Пахло яблочным пирогом. Вот чего ему больше всего не хватало вечером в субботу, вдали от дома.
Он спустился вниз.
Матушка как раз вынимала из духовки огромный яблочный пирог, чтобы остыл.
– Привет, Томми, – сказала она. – Я думала, ты в Англии.
– Да, мам, по соответствующим уставным положениям я в данный момент расквартирован в Англии, мам, во имя защиты завоеваний демократии, мам, сэр, – доложил сержант Томас А. Дейзенбургер.
– Ну и хорошо, сынок, – сказала матушка. – Папа пошел в «Большой луг» с Честером и Тедом. Они будут рады тебя видеть.
Сержант Томас А. Дейзенбургер кивнул.
Он снял каску армейского образца и куртку армейского образца и закатал рукава рубашки армейского образца. На какое-то мгновение вид у него стал более задумчивым, чем когда-либо в жизни. Отчасти его мысли были связаны с яблочным пирогом.
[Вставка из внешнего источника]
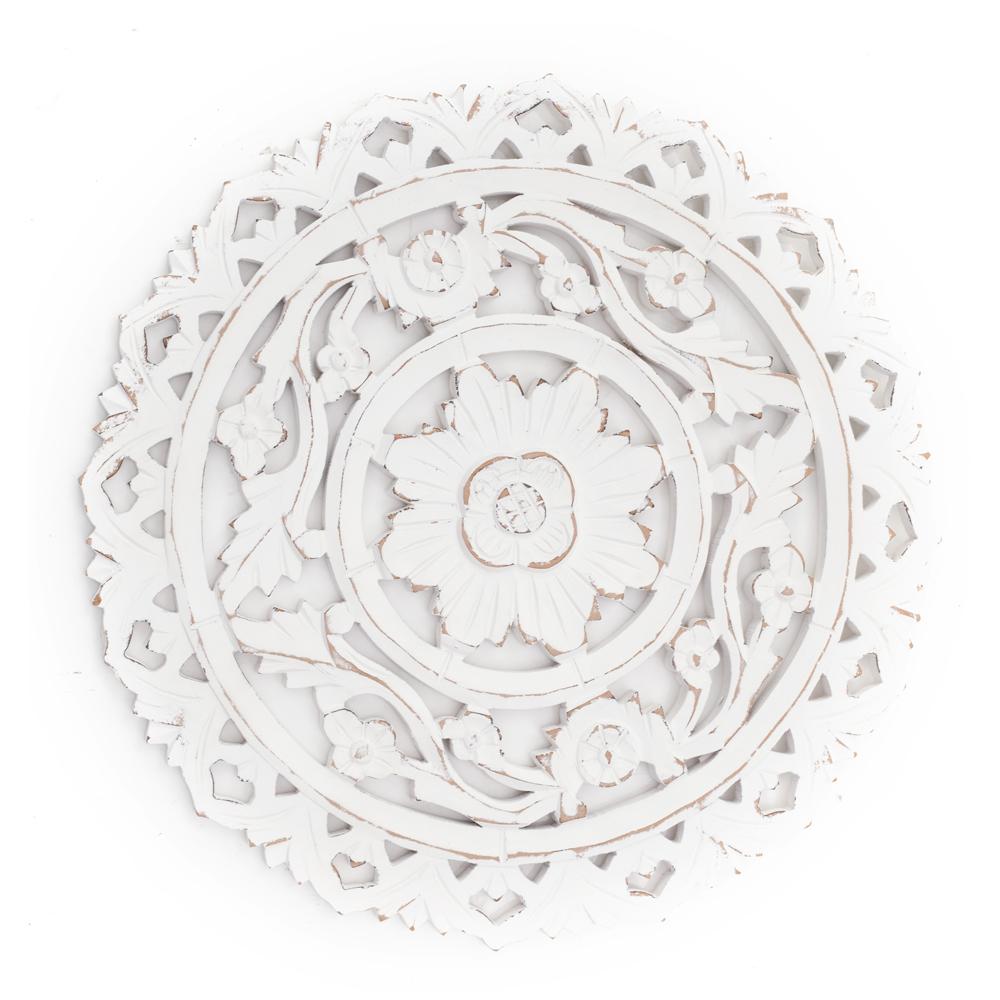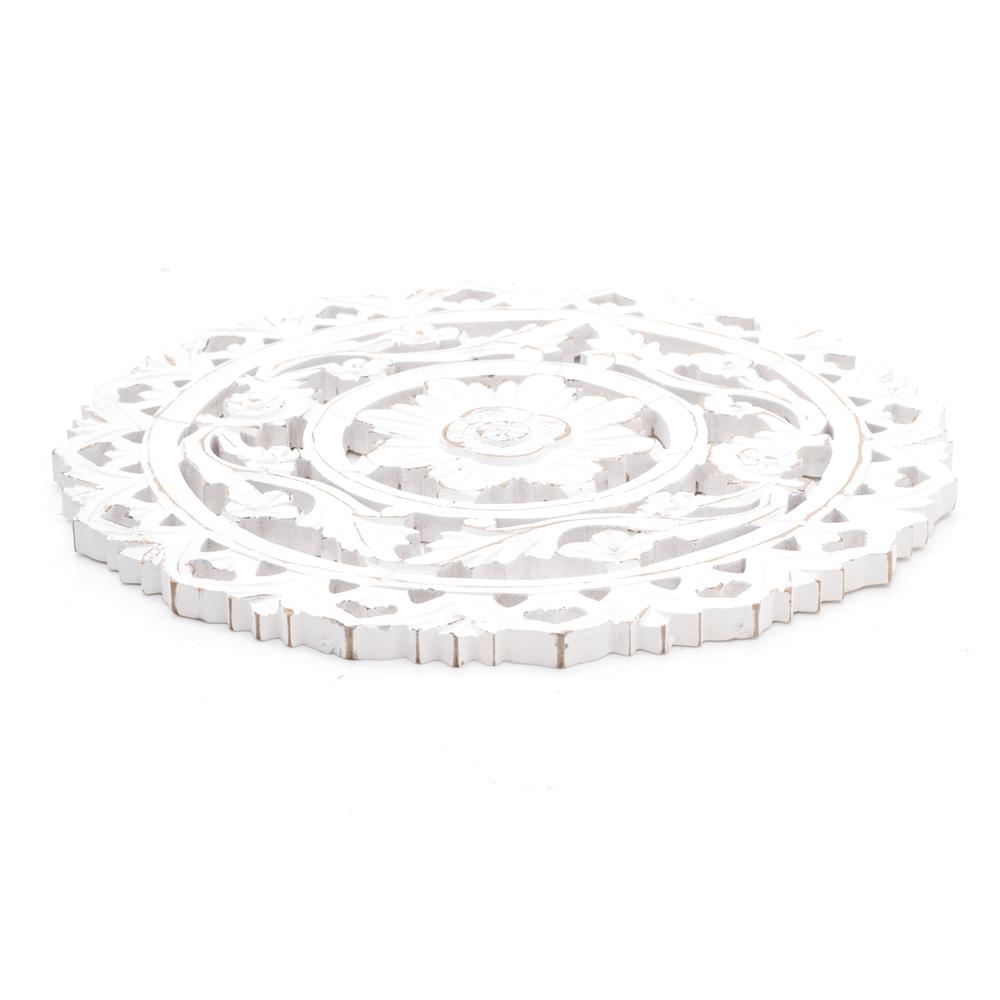 Details: Flat circular white painted wooden Indonesian style carved mandala wall art Dimensions: 16" H x 16" W x 1" D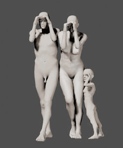 When the sculpture measured thirty centimeters, the nudity of the characters did not bother me. Full size, I immediately thought that these three characters should be dressed. All costumes should be the same to maintain unity. I wanted a representation of clothing that could be neutral. I opted for Jean's and T-shirt for everyone.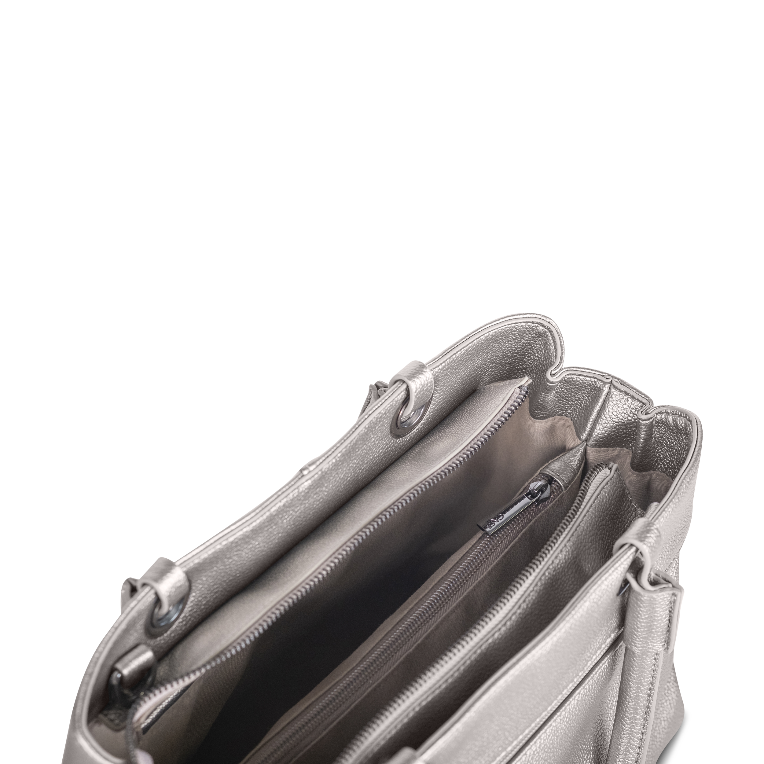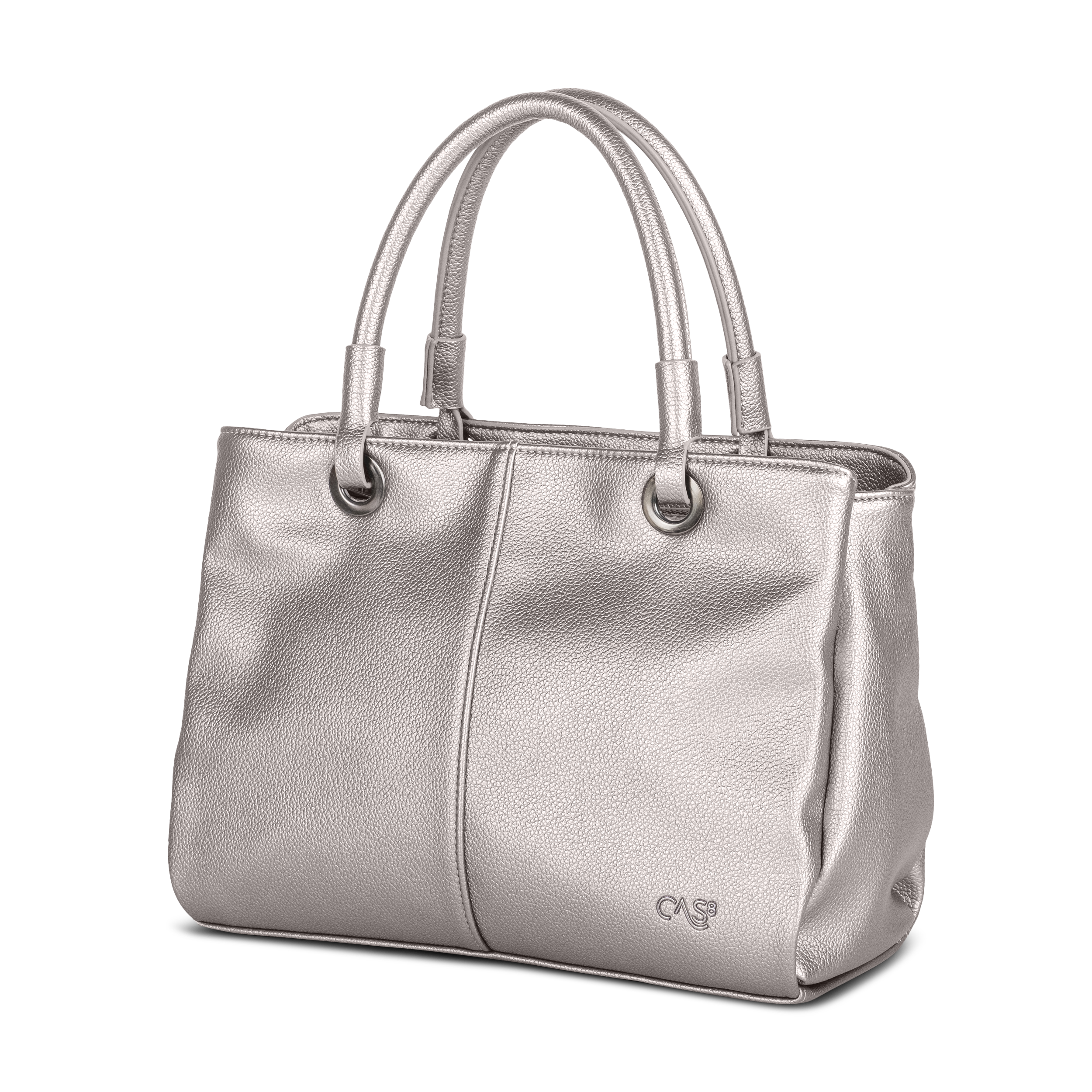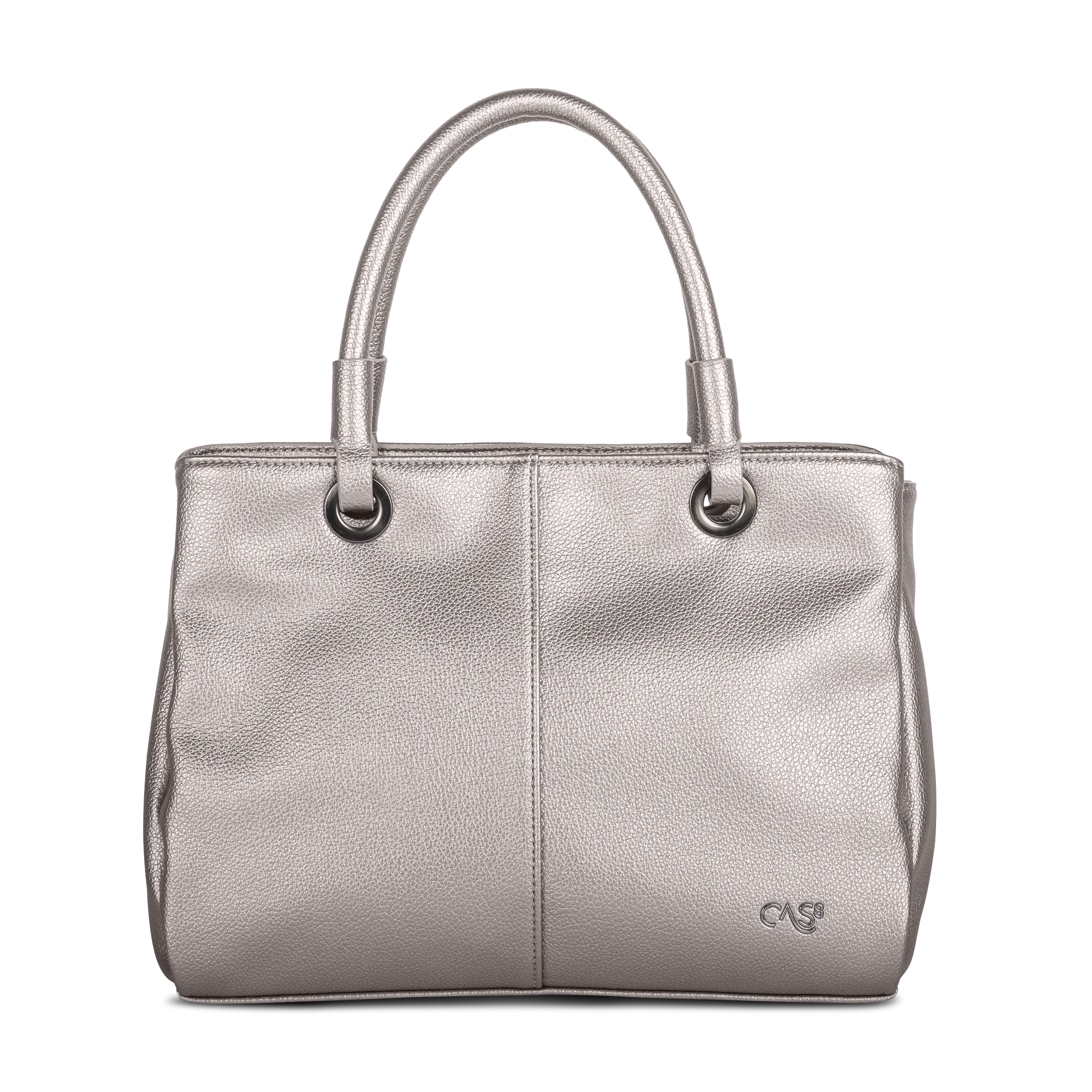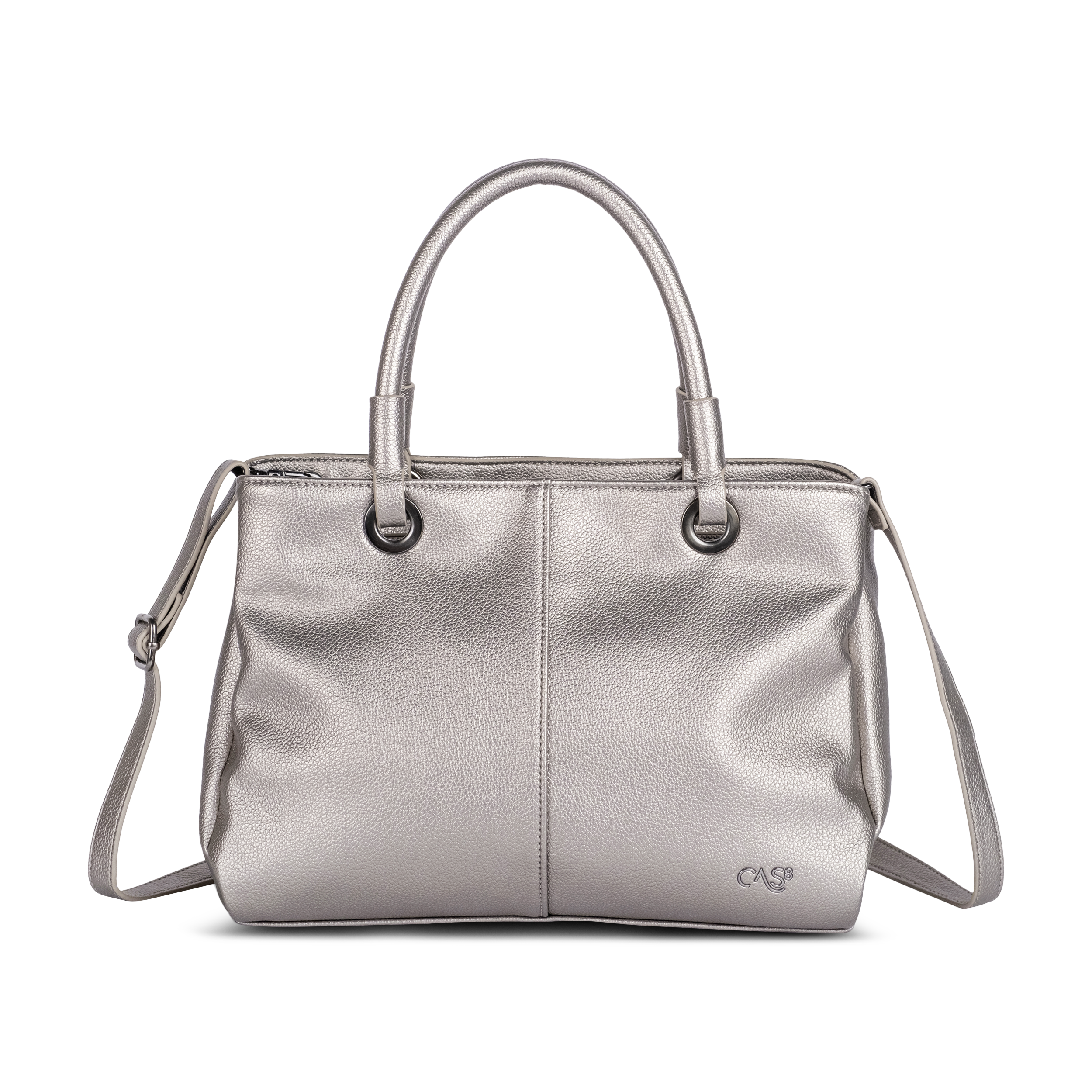 Die elegante Cas8 Handtasche ELLA 34507 (30 x 22 x 14 cm) überzeugt mit glänzender Metallic-Optik, durchdachter Innenaufteilung inklusive Trennwand und Reißverschlussfächern sowie flexiblen Trageoptionen dank abnehmbarem Schultergurt und Henkeln.

– Мам, в том случае, если какое-либо лицо выразит намерение наладить и осуществить связь с сержантом Томасом А. Дейзенбургером посредством каналов телефонной связи, мам, сэр, таковое лицо…
– Что-что, Томми?
Том Дейзенбургер повесил автомат на стену, рядом со старой отцовской винтовкой.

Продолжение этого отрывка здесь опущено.